WHAT IS BEING ASKED
The entries below should be repeated exactly, with no pictures carried over.

DATA RECORDS
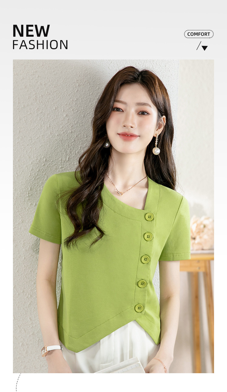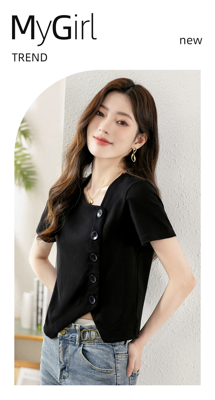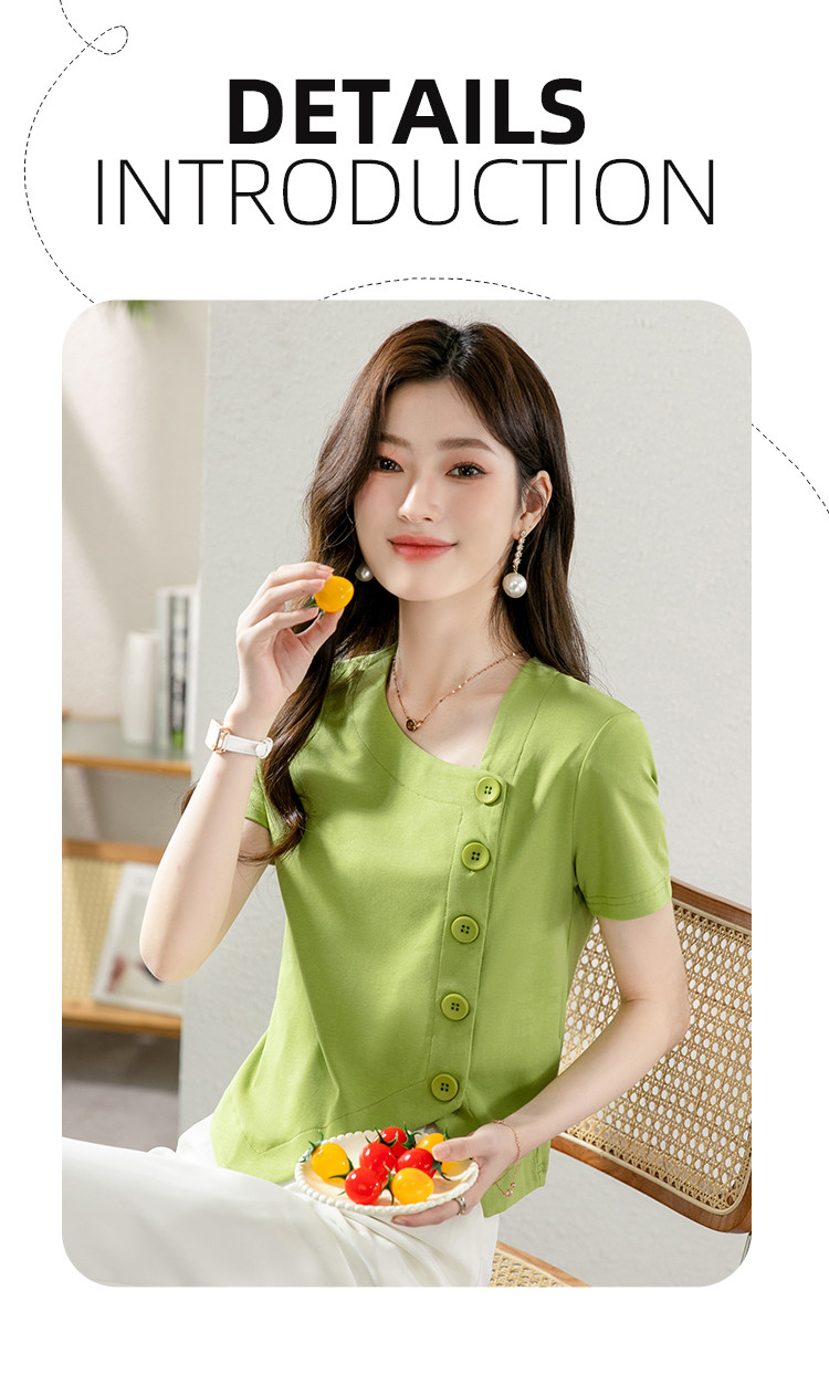 商品名称:【斜领纽扣不规则设计】夏季休闲时尚短袖T恤女上衣潮流 788504
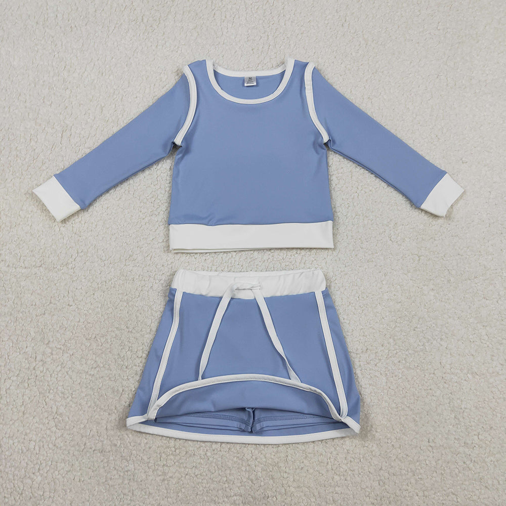 GLD1483 Blue Long Sleeve Top Skirts Shorts Girls Yoga Clothes Set
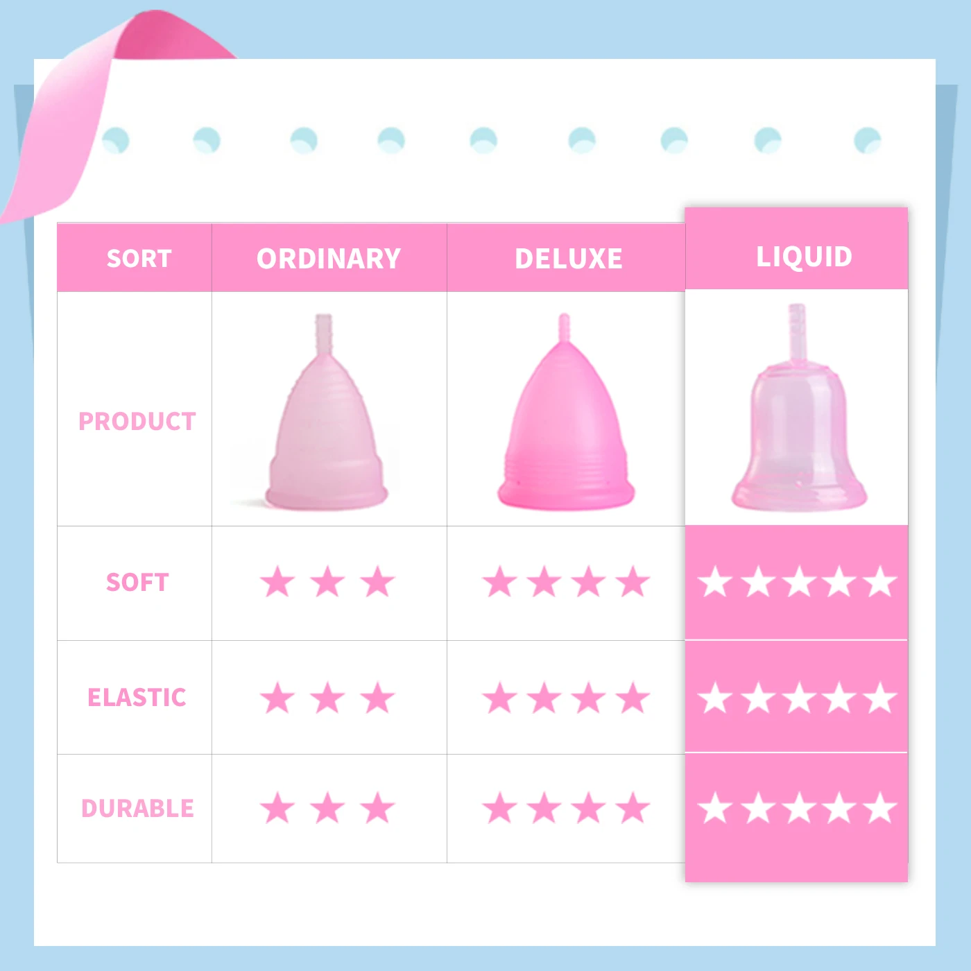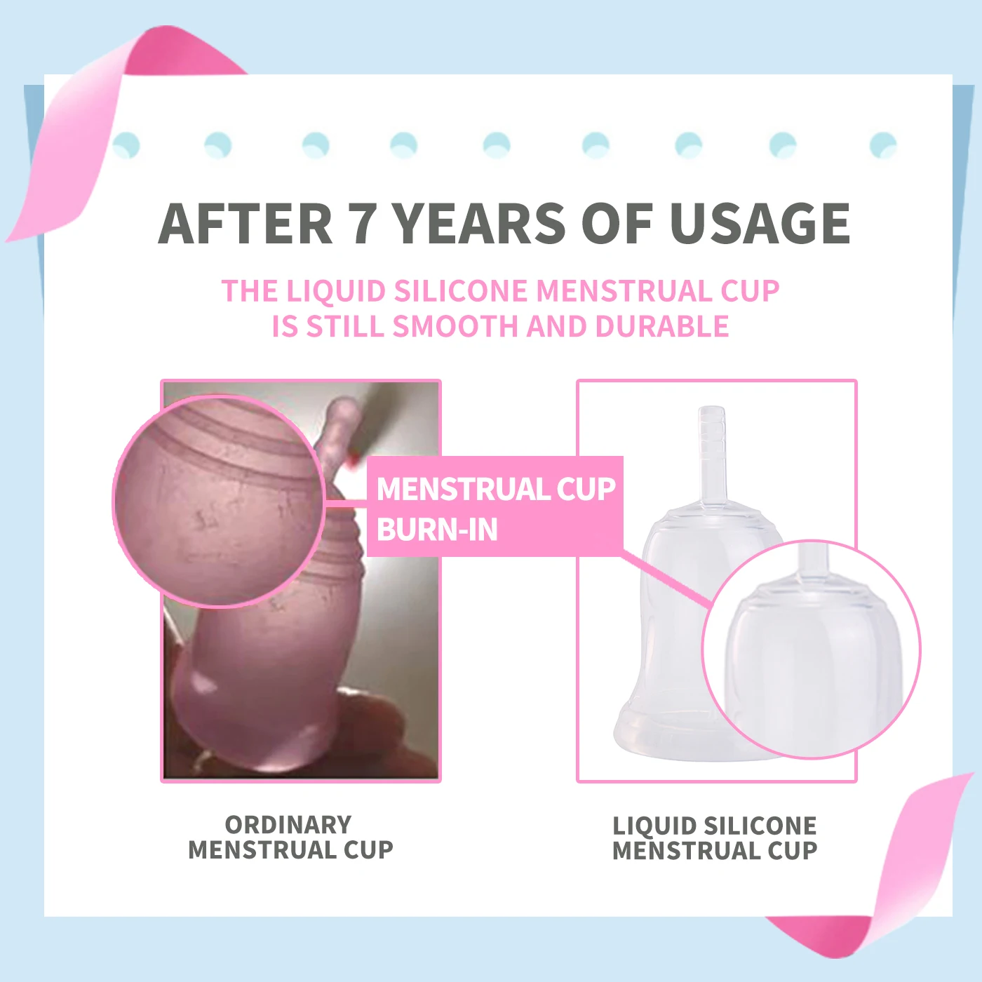 1. Медицинский сорт силиконовой менструальной чашки, применение 43,5 градусовМEdical жидкий силиконМягкие и эластичные, без деформации после 24 часов использования.
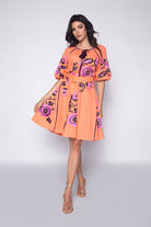100% lino per questo abito ricamato, completo di cintura, con manica a sbuffo in versione unica.
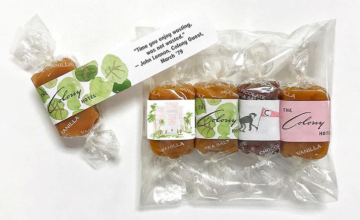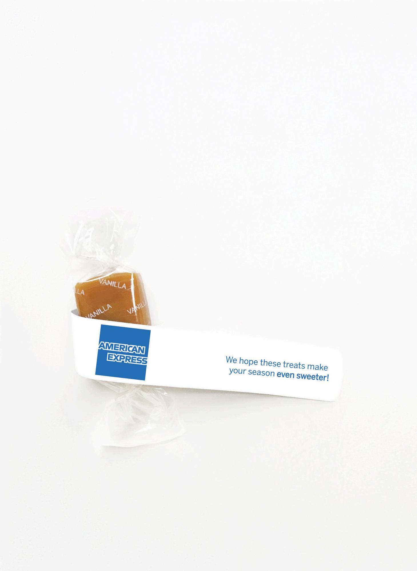 Each caramel wrapper can be entirely customized, with an option for a custom sticker on the front of each bag.
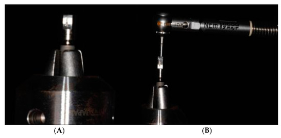 (A) Implants mounted on the holder of a digital torque meter. (B) The abutment screw was preloaded to 30 N.cm using a manual torque ratchet.
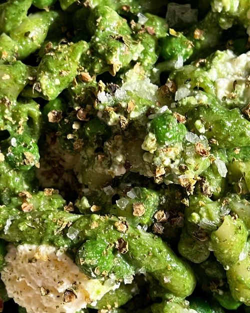 serve in your favourite pasta bowl, with a generous dollop of ricotta, flaky sea salt + and a few big cracks of green peppercorns on the big grind.

EXERCISE OUTPUT
 商品名称:【斜领纽扣不规则设计】夏季休闲时尚短袖T恤女上衣潮流 788504
 GLD1483 Blue Long Sleeve Top Skirts Shorts Girls Yoga Clothes Set
 1. Медицинский сорт силиконовой менструальной чашки, применение 43,5 градусовМEdical жидкий силиконМягкие и эластичные, без деформации после 24 часов использования.
100% lino per questo abito ricamato, completo di cintura, con manica a sbuffo in versione unica.
 Each caramel wrapper can be entirely customized, with an option for a custom sticker on the front of each bag.
 (A) Implants mounted on the holder of a digital torque meter. (B) The abutment screw was preloaded to 30 N.cm using a manual torque ratchet.
 serve in your favourite pasta bowl, with a generous dollop of ricotta, flaky sea salt + and a few big cracks of green peppercorns on the big grind.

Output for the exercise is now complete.